*** EXTRACTED ENTRIES ***
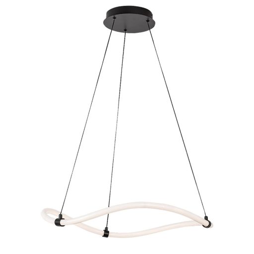 Fekete színű fém függesztett lámpa fehér színű műanya cső búrával, természetes fehér színhőmérsékletű beépített LED fényforrással. A lámpa belógása felszereléskor 40-150cm között állítható.
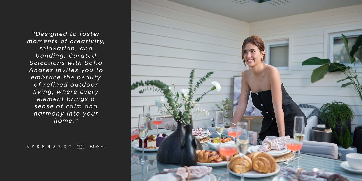 Inspired by her love for serene, neutral palettes and artistic details, Sofia has handpicked pieces from Bernhardt, Mav Furniture, and M Décore to transform her outdoor space into a peaceful sanctuary. Designed to foster moments of creativity, relaxation, and bonding, it invites you to embrace the beauty of refined outdoor living, where every element brings a sense of calm and harmony into your home.
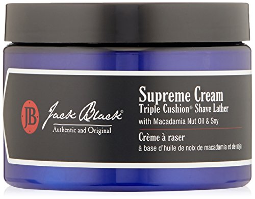 -. Binding : Health and Beauty -. Brand : Jack Black -. EAN : 0682223010310 -. Feature : Triple Cushion Technology an advanced blend of Macadamia Nut Oil, Glycerin and Soy that allows super close razor glide and a hydrating cushion of protection against razor burn, nicks and cuts. / Macadamia Nut Oil and Jojoba Oil penetrate tough whiskers and hydrate the skin. / Soybean Oil and Glycerin soften and protect skin. / Certified Organic Edelweiss and Plant ago Leaf Extracts act as antioxidants and enhance collagen synthesis. -. IsAdultProduct : 0 -. Label : Jack Black -. Manufacturer : Jack Black -. Model : 682223010310 -. MPN : 1031 -. NumberOfItems : 1 -. PackageQuantity : 1 -. PartNumber : 1031 -. ProductGroup : Prestige Beauty -. ProductTypeName : LUXURY_BEAUTY -. Publisher : Jack Black -. ReleaseDate : 2017-04-24 -. Studio : Jack Black -. Title : Jack Black Cream Triple Cushion Shave Lather -. UPC : 682223010310
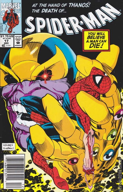 NO ONE GETS OUTTA HERE ALIVE! After a chemical accident, Spider-Man’s consciousness is separated from his body and he enters an alternate plane where Death herself lies in wait! Not to mention Thanos is there too, in possession of the Infinity Gauntlet! In this issue Spider-Man dies! That's no joke. Attempting to save the life of a little girl the wall-crawler is killed. Now, in an ominous journey through the afterworld, Spider-Man comes face-to-face with the Mad Titan himself, Thanos, and his dark mistress, Death! Is this truly the end of everyone's favorite friendly neighborhood Spider-Man?
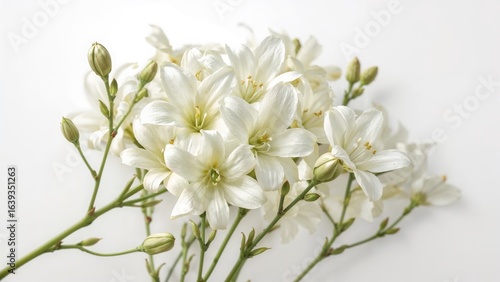 Obraz premium White freesias and their blossoms against a pale backdrop
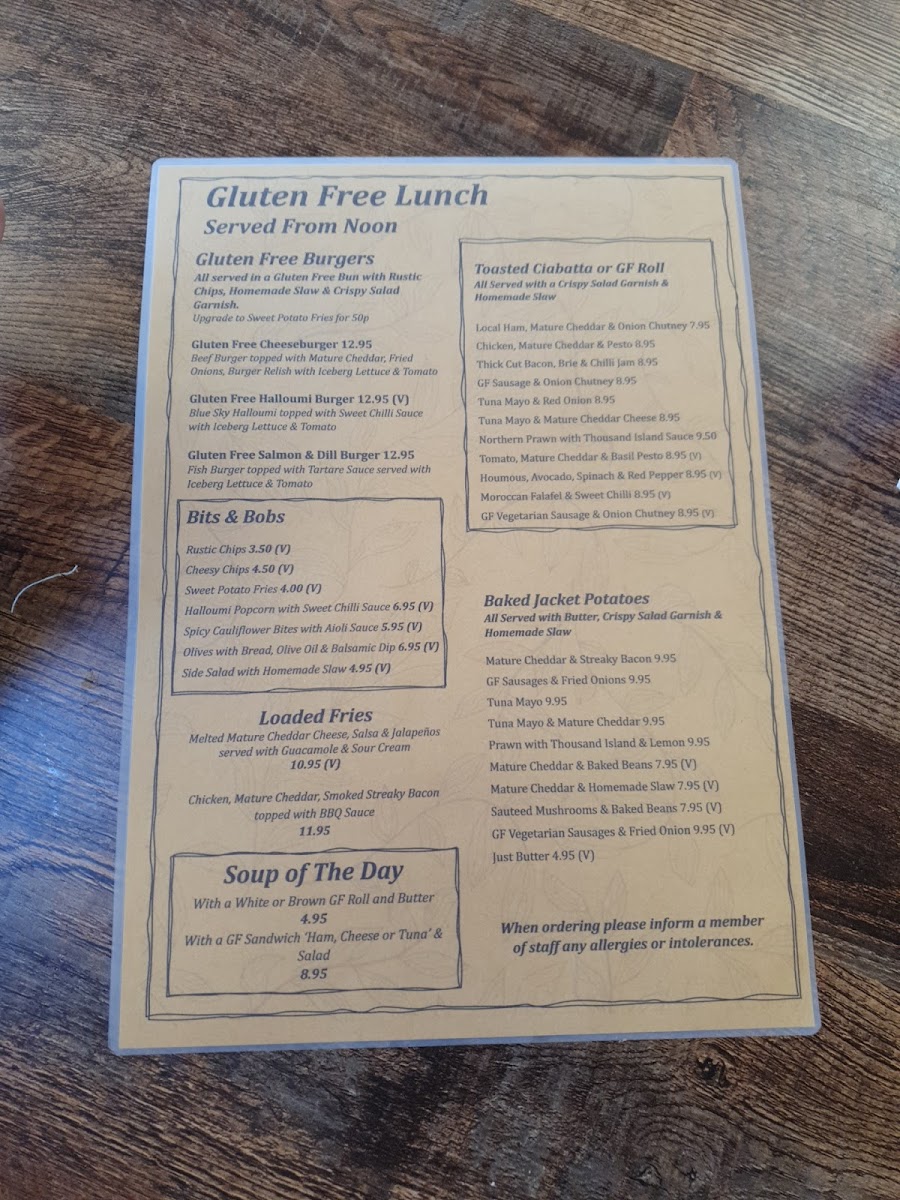 Guests can find a variety of options suited to different times of day—from warming mornings with a Mocca Latte or Hot Chocolate with Cream, to midday and afternoon snacks like the Small Seafood Platter or a slice of Coffee Cake. The menu also caters to those seeking fresher, lighter fare such as salads or jacket potatoes, alongside hearty specials like the Lamb Burger or Eggs Benedict.
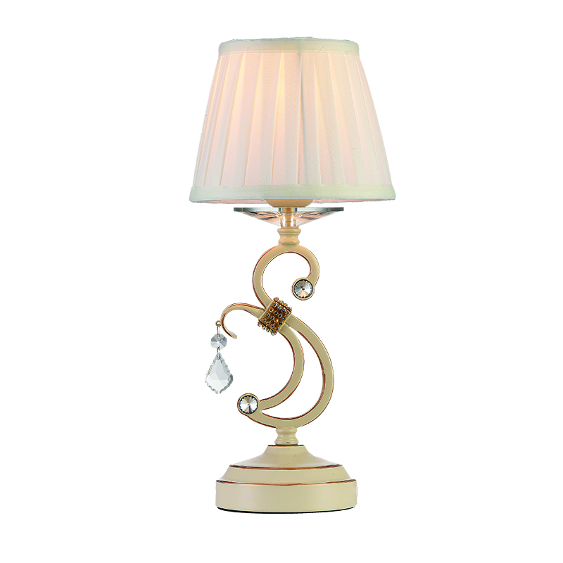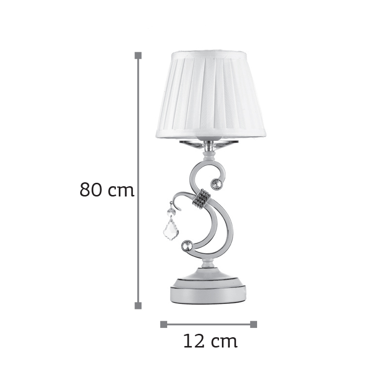 Πρόκειται για ένα μπεζ μεταλλικό επιτραπέζιο φωτιστικό με διακριτική ύπαρξη κρυστάλλων. Το μπεζ υφασμάτινο καπέλο δίνει έναν απαλό φωτισμό στον χώρο.
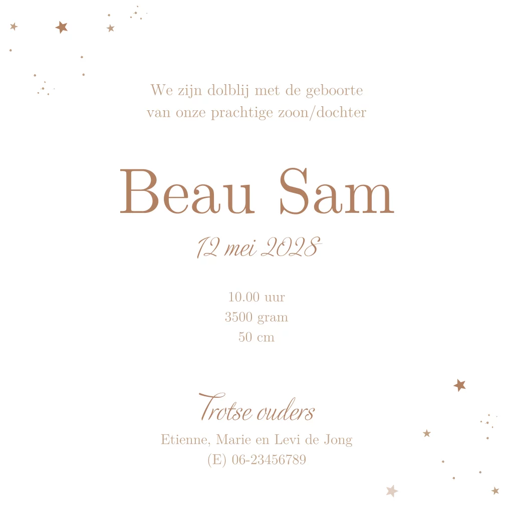 Dit geboortekaartje voor een tweede kind heeft een moderne en minimalistische look. Het silhouet toont een grote broer die naar de baby reikt, met op de achtergrond een volle maan en een rustige beige tint. Kleine sterretjes geven het ontwerp een speels detail. Door de neutrale kleuren past dit kaartje bij zowel voor de geboorte aankondiging van een jongen als een meisje. Personaliseer eenvoudig en bestel een proefdruk!
*** End of EXTRACTED ENTRIES ***
> **PROBLEM REQUIREMENTS**:
The entries above should be retyped word for word, with all pictures omitted.

> **EXERCISE OUTPUT**:
 Fekete színű fém függesztett lámpa fehér színű műanya cső búrával, természetes fehér színhőmérsékletű beépített LED fényforrással. A lámpa belógása felszereléskor 40-150cm között állítható.
 Inspired by her love for serene, neutral palettes and artistic details, Sofia has handpicked pieces from Bernhardt, Mav Furniture, and M Décore to transform her outdoor space into a peaceful sanctuary. Designed to foster moments of creativity, relaxation, and bonding, it invites you to embrace the beauty of refined outdoor living, where every element brings a sense of calm and harmony into your home.
 -. Binding : Health and Beauty -. Brand : Jack Black -. EAN : 0682223010310 -. Feature : Triple Cushion Technology an advanced blend of Macadamia Nut Oil, Glycerin and Soy that allows super close razor glide and a hydrating cushion of protection against razor burn, nicks and cuts. / Macadamia Nut Oil and Jojoba Oil penetrate tough whiskers and hydrate the skin. / Soybean Oil and Glycerin soften and protect skin. / Certified Organic Edelweiss and Plant ago Leaf Extracts act as antioxidants and enhance collagen synthesis. -. IsAdultProduct : 0 -. Label : Jack Black -. Manufacturer : Jack Black -. Model : 682223010310 -. MPN : 1031 -. NumberOfItems : 1 -. PackageQuantity : 1 -. PartNumber : 1031 -. ProductGroup : Prestige Beauty -. ProductTypeName : LUXURY_BEAUTY -. Publisher : Jack Black -. ReleaseDate : 2017-04-24 -. Studio : Jack Black -. Title : Jack Black Cream Triple Cushion Shave Lather -. UPC : 682223010310
 NO ONE GETS OUTTA HERE ALIVE! After a chemical accident, Spider-Man’s consciousness is separated from his body and he enters an alternate plane where Death herself lies in wait! Not to mention Thanos is there too, in possession of the Infinity Gauntlet! In this issue Spider-Man dies! That's no joke. Attempting to save the life of a little girl the wall-crawler is killed. Now, in an ominous journey through the afterworld, Spider-Man comes face-to-face with the Mad Titan himself, Thanos, and his dark mistress, Death! Is this truly the end of everyone's favorite friendly neighborhood Spider-Man?
 Obraz premium White freesias and their blossoms against a pale backdrop
 Guests can find a variety of options suited to different times of day—from warming mornings with a Mocca Latte or Hot Chocolate with Cream, to midday and afternoon snacks like the Small Seafood Platter or a slice of Coffee Cake. The menu also caters to those seeking fresher, lighter fare such as salads or jacket potatoes, alongside hearty specials like the Lamb Burger or Eggs Benedict.
 Πρόκειται για ένα μπεζ μεταλλικό επιτραπέζιο φωτιστικό με διακριτική ύπαρξη κρυστάλλων. Το μπεζ υφασμάτινο καπέλο δίνει έναν απαλό φωτισμό στον χώρο.
 Dit geboortekaartje voor een tweede kind heeft een moderne en minimalistische look. Het silhouet toont een grote broer die naar de baby reikt, met op de achtergrond een volle maan en een rustige beige tint. Kleine sterretjes geven het ontwerp een speels detail. Door de neutrale kleuren past dit kaartje bij zowel voor de geboorte aankondiging van een jongen als een meisje. Personaliseer eenvoudig en bestel een proefdruk!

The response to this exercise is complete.